In this case, Doe appeals from the trial court’s grant of summary judgment to HGI Realty. The undisputed facts are as follows. HGI Realty owns and manages Calhoun Outlet Center, and at the time in question, Doe was an employee at the Welcome Home Store, one of the businesses in the outlet center. On the afternoon of January 24, 1995, Doe was working at the store with Margaret Craig, the manager. Around 3:00 p.m., Doe first saw the assailant come into the store, but she did not become suspicious because he looked like any other customer. Approximately 30 to 45 minutes later, the man came back and pointed a gun at Doe and Craig. The man took the money from the cash register and told Craig to lock the door. He took both women into the back, shut Craig in the bathroom, took Doe into the office and sexually assaulted her.

Doe points out that although HGI Realty had been providing security in the common areas during business hours, it discontinued this security approximately three weeks before the attack. Doe also introduced evidence of one other violent incident in which a store employee was robbed at knifepoint in October 1993. But, there is no evidence in the record that anyone was ever hurt, injured, or sexually assaulted at the outlet center.

Summary judgment is proper when there is no genuine issue of material fact and the movant is entitled to judgment as a matter of law. OCGA § 9-11-56 (c). To obtain summary judgment, a defendant need not produce any evidence, but must only point to an absence of *182 evidence supporting at least one essential element of the plaintiff’s claim. Lau’s Corp. v. Haskins, 261 Ga. 491 (405 SE2d 474) (1991). Our review of a grant of summary judgment is de novo, and we view the evidence and all reasonable inferences drawn from it in the light most favorable to the nonmovant. Supchak v. Pruitt, 232 Ga. App. 680, 682 (503 SE2d 581) (1998).

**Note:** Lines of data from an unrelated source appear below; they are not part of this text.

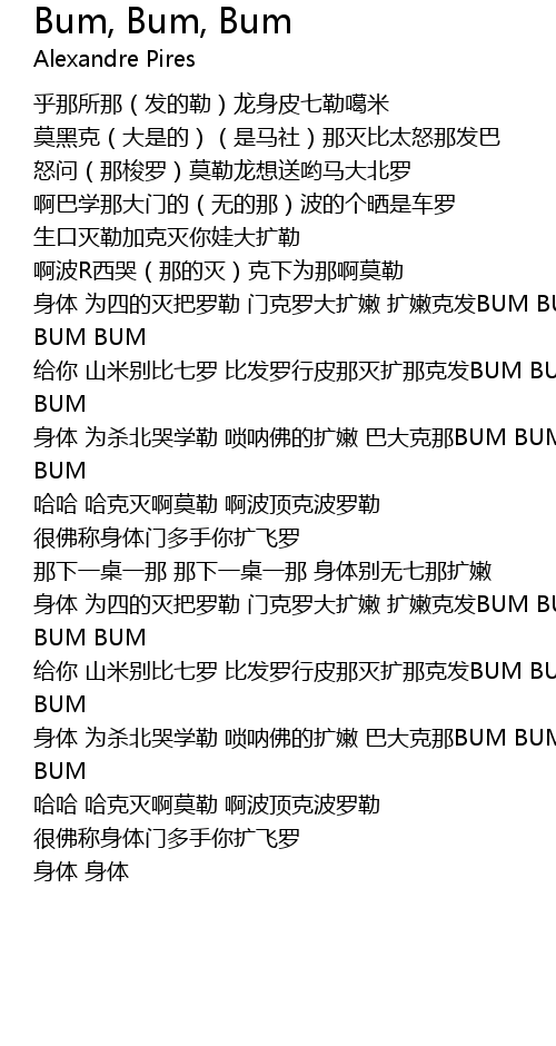| [02:32.41] | 给你 山米别比七罗 比发罗行皮那灭扩那克发BUM BUM BUM BUM |
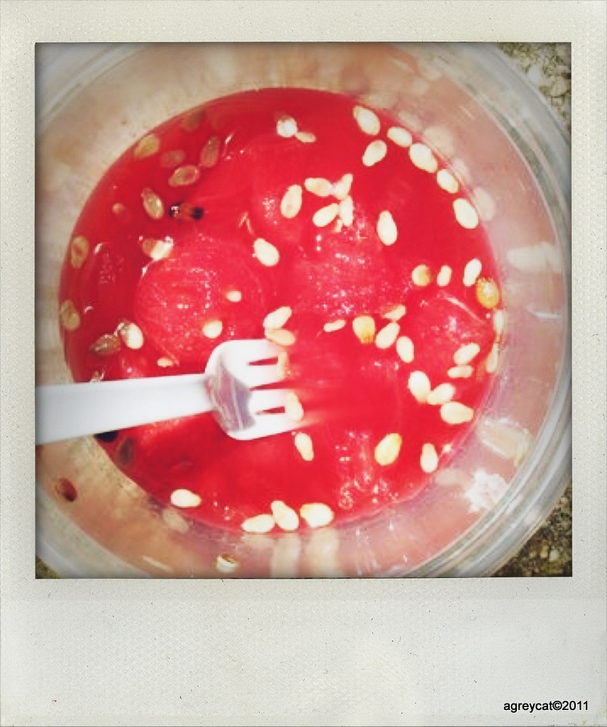 August 11, 2011 aGreycat Supposedly Seedless Umm…I know there are always a few seeds in a seedless watermelon (usually a few little white ones) But Damn! I have never had this many seeds even in a regular watermelon. Supposedly Seedless Watermelon Share this: Click to email a link to a friend (Opens in new window) Email More Click to share on Facebook (Opens in new window) Facebook Click to share on X (Opens in new window) X Like Loading... Related
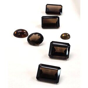 This set includes a variety of smoky quartz gemstones in both oval and rectangular cuts. Known for their earthy tones, these stones are ideal for jewelry making or as a unique addition to a gemstone collection. The clarity and cut make them a valuable selection.

Doe acknowledges that the landlord’s duty under OCGA § 51-3-1 to keep safe those portions of the leased premises designated as common areas in which the landlord has reserved a qualified right of possession does not extend to the leased areas of the premises over which the tenant has exclusive possession and control. Stephens v. Clairmont Center, 230 Ga. App. 793, 794-795 (2) (498 SE2d 307) (1998); Gale v. North Meadow Assoc. Joint Venture, 219 Ga. App. 801, 802-803 (466 SE2d 648) (1996); Plott v. Cloer, 219 Ga. App. 130, 131 (1) (464 SE2d 39) (1995). Neither does Doe argue on appeal that failing to provide security in the common areas was a proximate cause of the criminal attack within the leased premises. See, e.g., Fallon v. Metro. Life Ins. Co., 238 Ga. App. 156 (518 SE2d 170) (1999) (physical precedent only); Stephens v. Clairmont Center, supra; Post Properties v. Doe, 230 Ga. App. 34 (495 SE2d 573) (1997) (physical precedent only); Godwin v. Olshan, 161 Ga. App. 35, 37 (288 SE2d 850) (1982).

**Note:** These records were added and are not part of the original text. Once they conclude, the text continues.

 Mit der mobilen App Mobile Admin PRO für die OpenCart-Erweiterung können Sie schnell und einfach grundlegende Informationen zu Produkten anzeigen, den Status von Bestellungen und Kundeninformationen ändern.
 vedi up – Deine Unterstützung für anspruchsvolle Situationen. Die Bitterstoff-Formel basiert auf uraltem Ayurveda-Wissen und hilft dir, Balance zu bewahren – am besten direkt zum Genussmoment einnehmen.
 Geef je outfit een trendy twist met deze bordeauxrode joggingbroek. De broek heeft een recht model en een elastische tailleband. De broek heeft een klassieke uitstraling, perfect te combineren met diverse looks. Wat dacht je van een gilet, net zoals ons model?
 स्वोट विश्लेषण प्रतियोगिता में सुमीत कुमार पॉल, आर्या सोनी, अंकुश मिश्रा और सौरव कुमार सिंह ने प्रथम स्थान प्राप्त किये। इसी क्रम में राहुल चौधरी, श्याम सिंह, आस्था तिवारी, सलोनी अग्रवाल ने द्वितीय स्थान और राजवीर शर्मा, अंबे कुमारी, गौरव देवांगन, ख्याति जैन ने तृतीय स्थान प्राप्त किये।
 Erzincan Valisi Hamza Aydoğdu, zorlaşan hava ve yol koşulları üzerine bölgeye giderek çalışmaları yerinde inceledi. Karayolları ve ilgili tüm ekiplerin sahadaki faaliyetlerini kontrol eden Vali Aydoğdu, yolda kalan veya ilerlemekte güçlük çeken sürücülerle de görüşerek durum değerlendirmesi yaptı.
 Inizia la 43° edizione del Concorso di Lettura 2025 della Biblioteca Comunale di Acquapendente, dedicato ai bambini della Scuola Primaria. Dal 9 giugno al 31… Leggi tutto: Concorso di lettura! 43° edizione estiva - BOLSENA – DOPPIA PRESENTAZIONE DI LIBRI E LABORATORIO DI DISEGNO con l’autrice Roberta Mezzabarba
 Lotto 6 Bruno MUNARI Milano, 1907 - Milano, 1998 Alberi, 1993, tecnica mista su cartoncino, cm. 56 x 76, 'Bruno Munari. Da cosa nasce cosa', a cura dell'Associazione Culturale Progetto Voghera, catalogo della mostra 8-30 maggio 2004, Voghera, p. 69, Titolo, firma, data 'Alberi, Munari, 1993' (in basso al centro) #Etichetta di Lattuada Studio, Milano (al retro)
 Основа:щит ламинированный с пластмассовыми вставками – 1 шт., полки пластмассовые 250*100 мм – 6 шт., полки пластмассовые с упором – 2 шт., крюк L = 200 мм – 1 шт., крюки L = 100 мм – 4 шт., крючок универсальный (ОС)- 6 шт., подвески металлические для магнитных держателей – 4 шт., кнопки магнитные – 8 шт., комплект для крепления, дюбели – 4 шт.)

Doe contends on appeal that there was an issue of fact as to whether HGI Realty assumed the duty of providing security within the leased premises. In support of this argument, Doe cites to a portion of the defendant’s security manual which states that security guards were to enter each store at “random intervals.” 1 Doe also states that when HGI Realty provided security during operating hours during the last quarter of 1994, security guards patrolled the common areas, entered each store daily, checked each store regularly, and investigated unusual circumstances at the stores.

But, there is nothing in the measures described above to show that the security guards assumed the responsibility or undertook the duty of providing security within the stores. This Court has consistently held that measures such as those described above do not impose additional obligations on the landlord.

A landowner does not become an insurer of safety by taking some security precautions on behalf of invitees. Undertaking measures to protect patrons does not heighten the standard of care; and taking some measures does not ordinarily constitute evidence that further measures might be required. . . . [I]f a defendant undertakes to do more for the benefit of *183 another person than the law requires, he or she may be held liable if he or she acts unreasonably or makes the situation worse, by increasing the danger, or by misleading the plaintiff into belief that it has been removed, or by depriving the plaintiff of the possibility of help from other sources.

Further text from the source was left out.